▶ [Data block]
☆ ☆ ☆
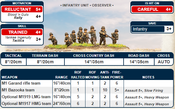 US Battle Weary Rifle Platoon. Credit: BattlefrontFor the most part it’s fairly intuitive: infantry and armour share the same basic stat block with motivation, skill and ‘is hit on’ values working in essentially the same way. On top of this infantry have a flat save and tanks will have specific armour values for their front, side and top.
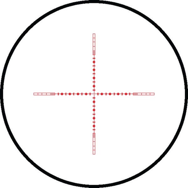 10х 1/2 Mil Dot IR - удобная универсальная сетка для максимально точного прицеливания на различных расстояниях. Главное отличие от обычной прицельной марки Mil Dot состоит в том, что тут имеются дополнительные пересечения, отмечающие пол мила. Все компоненты этой сетки имеют строго регламентированные размеры, расстояния между всеми элементами также регламентированы. Благодаря этому не проблема определить расстояние до цели либо размеры цели, приняв при этом правильную поправку на ветер и определить траекторию падения пули. Данный 1/2 Mil Dot верен при 10-кратном увеличении. Для других увеличений линейные и угловые размеры определяются методом интерполяции, либо по специальным таблицам. Персональную адаптацию сетки под конкретное оружие и тип снаряда позволит совершить бесплатный баллистический калькулятор X-ACT. Значительным преимуществом является то, что сетка выгравирована на стеклянной пластине. Это обеспечивает практически 100% защиту сетки от разрушительного влияния разновекторной отдачи пружинно-поршневой пневматики. Кроме того все элементы сетки достаточно тонкие и не перекрывают цель.
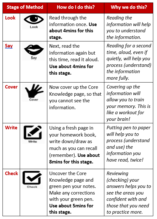 Core Knowledge pages contain the essential (important) information needed for each subject. Knowing and understanding this information, will support you in your lessons and your exams, so that you build confidence and understanding in all subjects. Therefore, your homework will focus upon revising this vital (important) information.
☆ ☆ ☆
▶ [Exercise goal]
A faithful, word-for-word copy of the data is needed; the pictures should not appear in it.

▶ [Response below]
 US Battle Weary Rifle Platoon. Credit: BattlefrontFor the most part it’s fairly intuitive: infantry and armour share the same basic stat block with motivation, skill and ‘is hit on’ values working in essentially the same way. On top of this infantry have a flat save and tanks will have specific armour values for their front, side and top.
 10х 1/2 Mil Dot IR - удобная универсальная сетка для максимально точного прицеливания на различных расстояниях. Главное отличие от обычной прицельной марки Mil Dot состоит в том, что тут имеются дополнительные пересечения, отмечающие пол мила. Все компоненты этой сетки имеют строго регламентированные размеры, расстояния между всеми элементами также регламентированы. Благодаря этому не проблема определить расстояние до цели либо размеры цели, приняв при этом правильную поправку на ветер и определить траекторию падения пули. Данный 1/2 Mil Dot верен при 10-кратном увеличении. Для других увеличений линейные и угловые размеры определяются методом интерполяции, либо по специальным таблицам. Персональную адаптацию сетки под конкретное оружие и тип снаряда позволит совершить бесплатный баллистический калькулятор X-ACT. Значительным преимуществом является то, что сетка выгравирована на стеклянной пластине. Это обеспечивает практически 100% защиту сетки от разрушительного влияния разновекторной отдачи пружинно-поршневой пневматики. Кроме того все элементы сетки достаточно тонкие и не перекрывают цель.
 Core Knowledge pages contain the essential (important) information needed for each subject. Knowing and understanding this information, will support you in your lessons and your exams, so that you build confidence and understanding in all subjects. Therefore, your homework will focus upon revising this vital (important) information.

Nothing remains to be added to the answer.